Love LeWitt as much as we do? Want this really cool shirt to show your LeWitt love?
We’re giving away free shirts to some of our Facebook and Twitter followers. If you’re not yet following - now’s the time!twitter.com/mass_mocafacebook.com/massmoca

Love LeWitt as much as we do? Want this really cool shirt to show your LeWitt love?

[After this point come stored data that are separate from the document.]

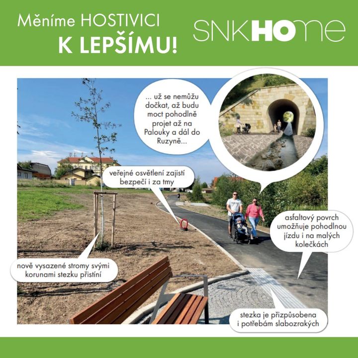 🌳 Když město, tak propojené cestami a plné zeleně. 👉 Zpřístupňujeme a zvelebujeme zanedbaná místa, budujeme průchody, pohodlné chodníky a cyklostezky, propojujeme Hostivici s Prahou a okolím.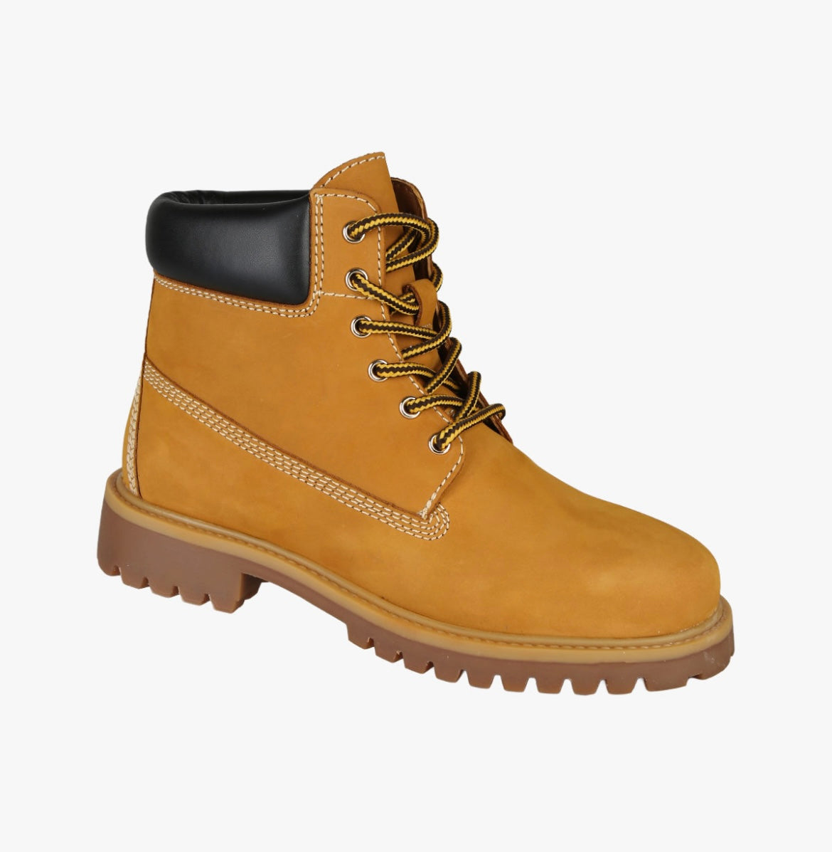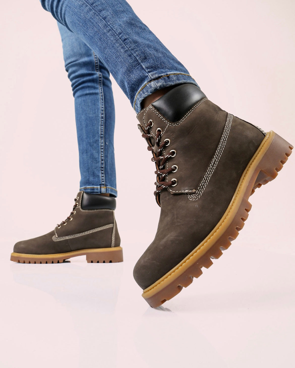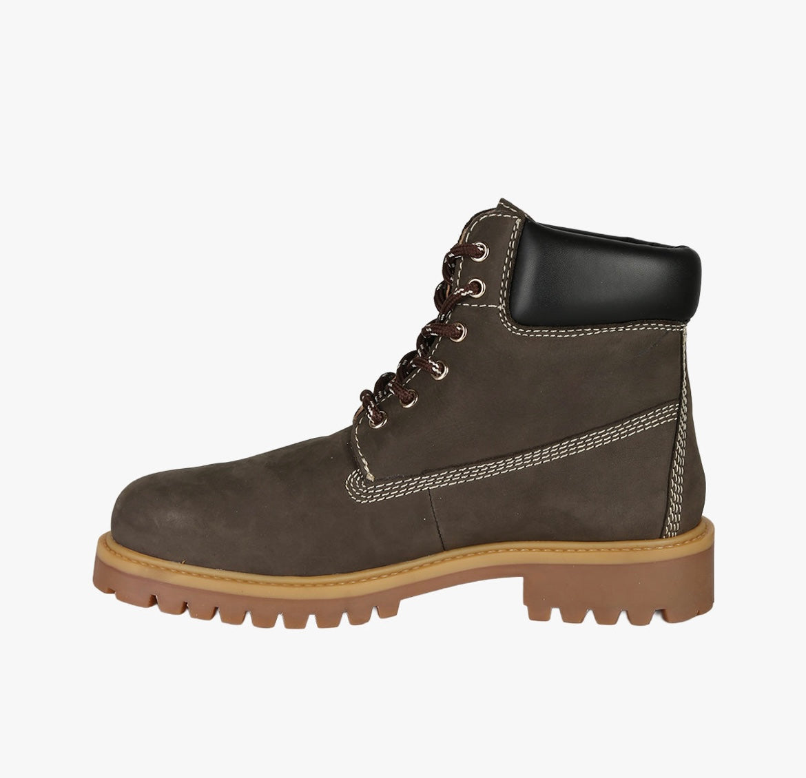Anfibi donna in pelle, con cuciture in contrasto colore e morbida cavigliera imbottita. Interno foderato in pelle scamosciata e suola a carrarmato in gomma.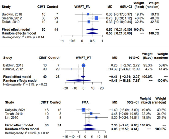 Meta-analysis of Wolf Motor Function Test and Fugl-Meyer assessment. CIMT, constraint-induced movement therapy; WMFT, Wolf Motor Function Test; FA, functional ability; PT, performance time; FMA, Fugl-Meyer assessment; MD, mean difference; CI, confidence interval [10,11,17,39,40].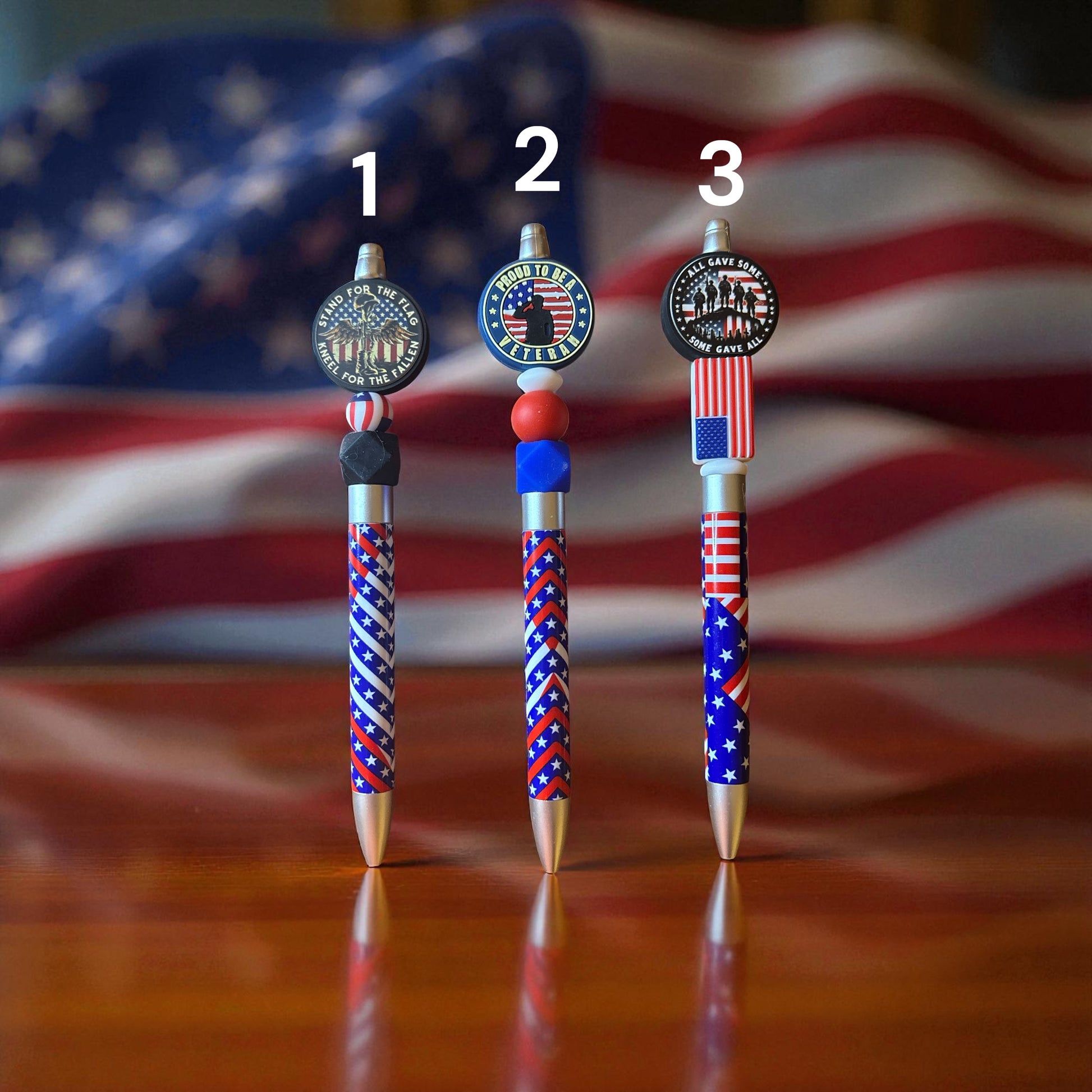 Each pen features vibrant red, white, and blue designs with heartfelt details — from stars and stripes to veteran emblems. Whether you’re gifting a hero, writing a thank-you note, or showing your love for country, these pens are a small tribute to great courage.

We’re giving away free shirts to some of our Facebook and Twitter followers. If you’re not yet following - now’s the time!
twitter.com/mass_moca
facebook.com/massmoca

mutt-r
mutt-r:

http://solidsoundfestival.com
wil you please take a look @ saturday’s lineup? i know it’s probably outdoors. so there will be no walls. for me to be a fly on. so instead i’d like to be a fly in those tents. or just buzzing around the campgrounds. or hell, i know….maybe i’ll just buy a ticket and go. yeah, that’s it. the play’s the thing!!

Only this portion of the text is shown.